I'm a 46 years old black female married with two children age 26 and 18. I was first diagnosed with Lupus (SLE - systemic lupus erythematosus) in 1995. It all started with a throat infection and joint pains that lasted for several weeks. My doctor referred me to the hospital to see a rheumatologist and I mentioned that my mum had lupus. A test was carried out and it was confirmed within two weeks that I had SLE. I suffered with mild symptoms such as hair loss, fever achy joints and fatigue for years but was blessed as I only had to take mild pain medication and was able to maintain an active lifestyle and a full time job.
In November 1998 I was prescribed Warfin for my sticky blood. I'm not sure if this was the start of things to come, or that I just ignored the warning signs I was getting - especially the stress at work. The feeling of unwell, joint & muscles pains ("A lesson I would never forget"). In February 1999, I had a treacherous flare-up and was admitted to hospital with suspected pneumonia, after a week in hospital and with my rheumatologist Doctor away on holiday, I progressively got worse. I developed inflammation of the lining of the lungs (pleuritis) and of the heart (pericarditis) and lung cloth (pulmonary embolus) resulting in five weeks in hospital. I was sent home on 20mg Prednisone a day and 100mg Azathioprine. After seven months at home I returned to work in September 1999. I stopped taking the Azathioprine because it did not agree with me, and was able to reduce my dose to 7.5mg Prednisone along with 400mg Plaguenil and 600gm Lodine. I slowed down quite considerably being a lot weaker. I knew I had to make a drastic change to my lifestyle.
In September 2000 I was admitted to hospital with a haemorrhage I had to have five and a half pints of blood transfused and a week later a major operation. I know that I had put my family through a lot recently but this one was a shock to them, not knowing if I was going to pull through - but the almighty had other plans for me.
I experienced the up and downside of this disease and after what I went through I know the importance of having someone you can relate to especially from your own ethnic background with the same illness. In November 2001 I attended a contact training course and have received numerous phone calls for support especially from black women who find it very hard to talk about and to deal with this illness.
I suffer mostly with joint pain in the knee and shoulders, muscle weakness in the hands, stiffness and vasculitis (inflammation of small blood vessels). This makes simple chores like dressing and undressing, combing my hair, lifting an empty saucepan, taking the milk out of the fridge and opening cans an effort, pulling the duvet cover over you is like wrestling with a polar bear. I no longer go shopping on my own, walking tires me out, the shop doors feel a ton to open, carrying the slightest purchase feels like lead - the list is endless. People only see the outside but when you have Lupus it's what going on the inside that matters.

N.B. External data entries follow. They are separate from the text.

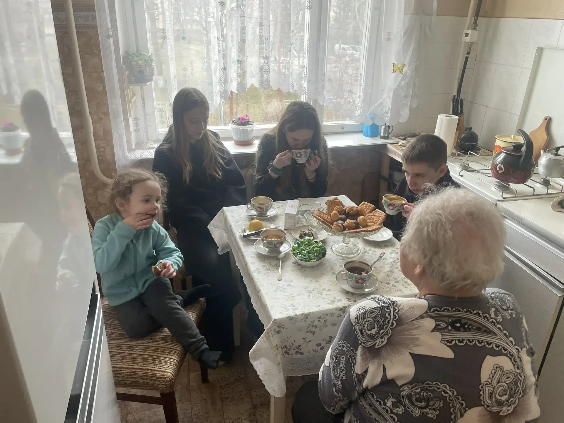 После уборки участка Валентина Фёдоровна всех ребят угостила чаем и сладостями, рассказывала истории из своей жизни, вспоминала учеников.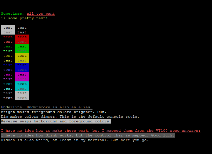 pretty.style('bright').write('Bright makes foreground colors brighter. Duh.').flush();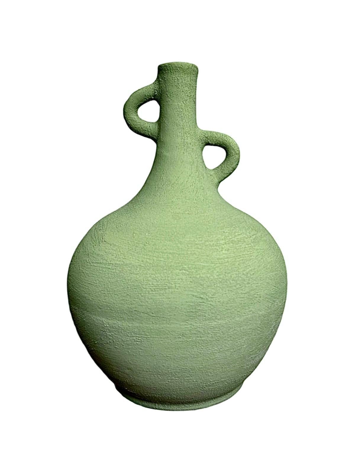 Laissez-vous séduire par notre jarre vase bouteille 2 doigts vert sauge kaki, une création artisanale marocaine unique !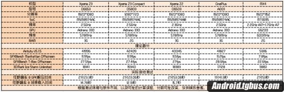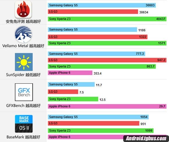 下面这张图给大家展示的是索尼Z3用各个跑分软件测试的成绩与各个旗舰手机的对比。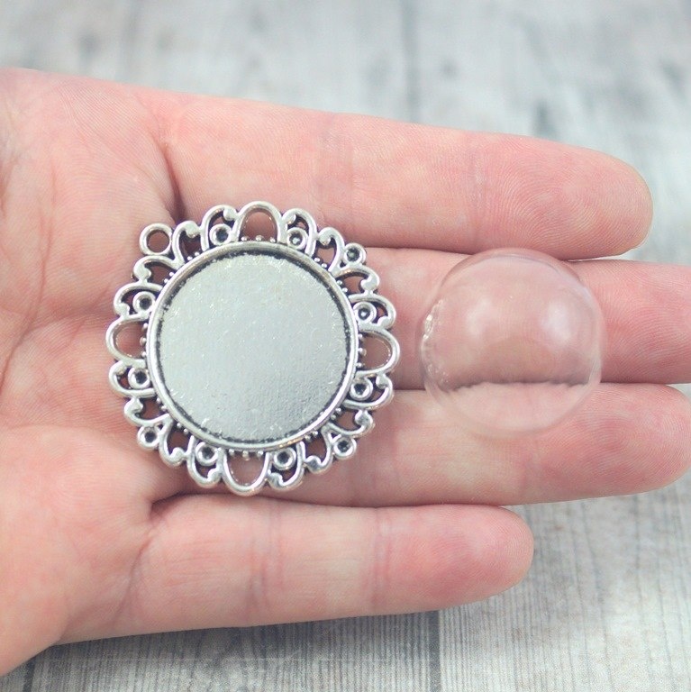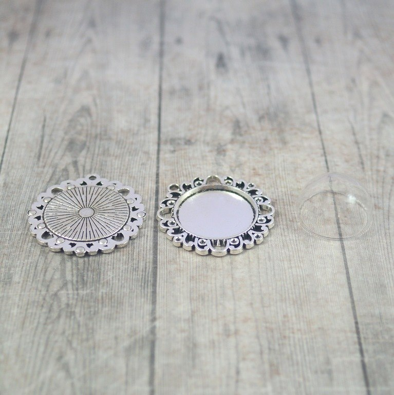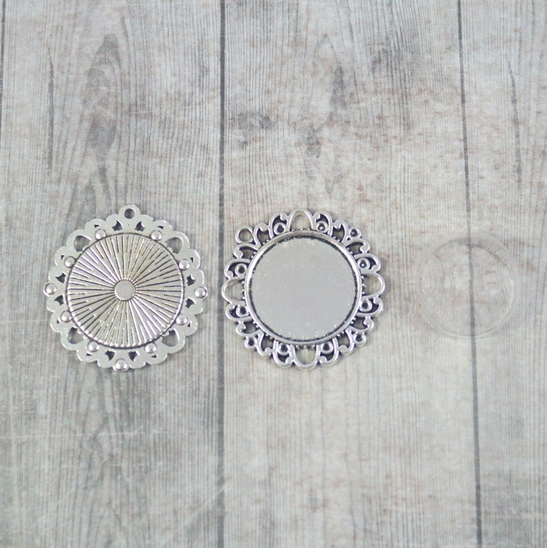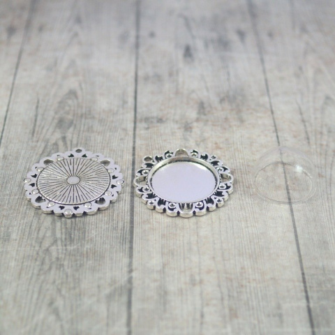 Zestaw zawiera bazę kaboszona w kolorze srebrnym o średnicy całego wisiorka 38,9 mm ,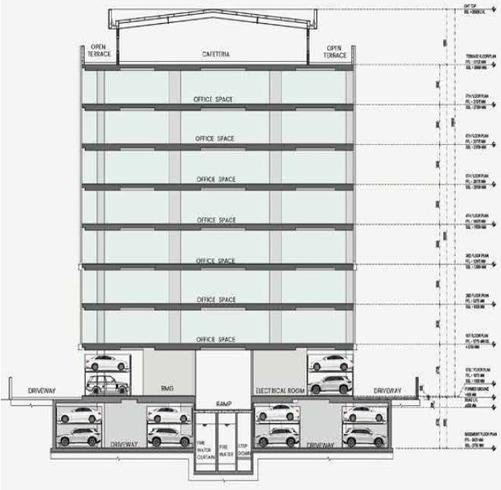 This office building in OMR Chennai is built for uninterrupted operations. It offers 100% power backup, high-speed elevators, and well-planned vertical circulation across floors. Additionally, basement and stilt parking provide structured access for employees and visitors.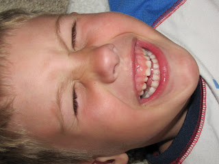 Playing with his buddy all day long and then realizing they were playing each other at t- ball tonight. Gabe thought it was "crazy" how they ended up on first base together. What are the odds when your friend is playing 1st base and you run there? Who would have thought...) 3. Gabe loves this giant dog. He dressed it in Spiderman boxers, a batman robe and wrestled it. Of course Gabe won every match by pinning the poor dog! 4. Gabe loves that Ben is home for the summer and they can do things like make a "second bed" in the living room and fall back asleep on a rainy morning. Finally, Gabe loved winning the game ball at tonight's t -ball game.

This illness can bring a family closer or can be devastating to some. Family members have to help you deal with your plight as the illness effects your social/family life, you can't make forward plans. My family is my rock. My husband does almost everything for me; from cooking, hovering and tidying up. My daughter no longer lives at home but we are very close and she is there for me 24-7. My son is a treasure; he is well-adjusted teenager and will help his dad and me with also anything. My mum is my tower of strength because as a lupus sufferer she knows exactly how I'm feeling and my sister is a wonderful friend. With any disease you get to know who your friends are and who is there for you. Some people find it very hard to accept your situation because with Lupus you look very healthy. I'm blessed to have unconditional love and support from my family and friends - not everyone is in this fortunate position.
I had to reduce my working hours from 35 to 20 hours. Work keeps me busy which is good as it takes my mind off being sick and I hate sitting around feeling sorry for myself. It is important for my mental health to still have something to get up for in the morning. I work at Middlesex University with a team of lively, good humoured supportive colleagues who are sympathetic to my health needs - which is comforting, they know and understand my good days and bad ones. My manager even took the time out to learn about Lupus and encouraged me to do a Lupus Awareness event at Tottenham & Enfield Campus with the consent and help of the Health Advisor Services. This was very successful; I was also amazed at how many people know someone with Lupus.
This is a troubling disease, to say the least. I still have to take Prednisolone, Plaguenil, Etodolac, Warfarin and recently Methotrexate plus the painkillers. This illness has helped me to put things into perspective. Health and family is number one, dealing with the pain is hard enough and I no longer care about what used to matter. I go with the flow and hope for the best. Laughter and slowing down to appreciate the small things in life are important to me now and always will be.
To sum it up, a positive attitude, prayers and having faith in the almighty healing powers .I wish that one day we will have a cure or a reason why.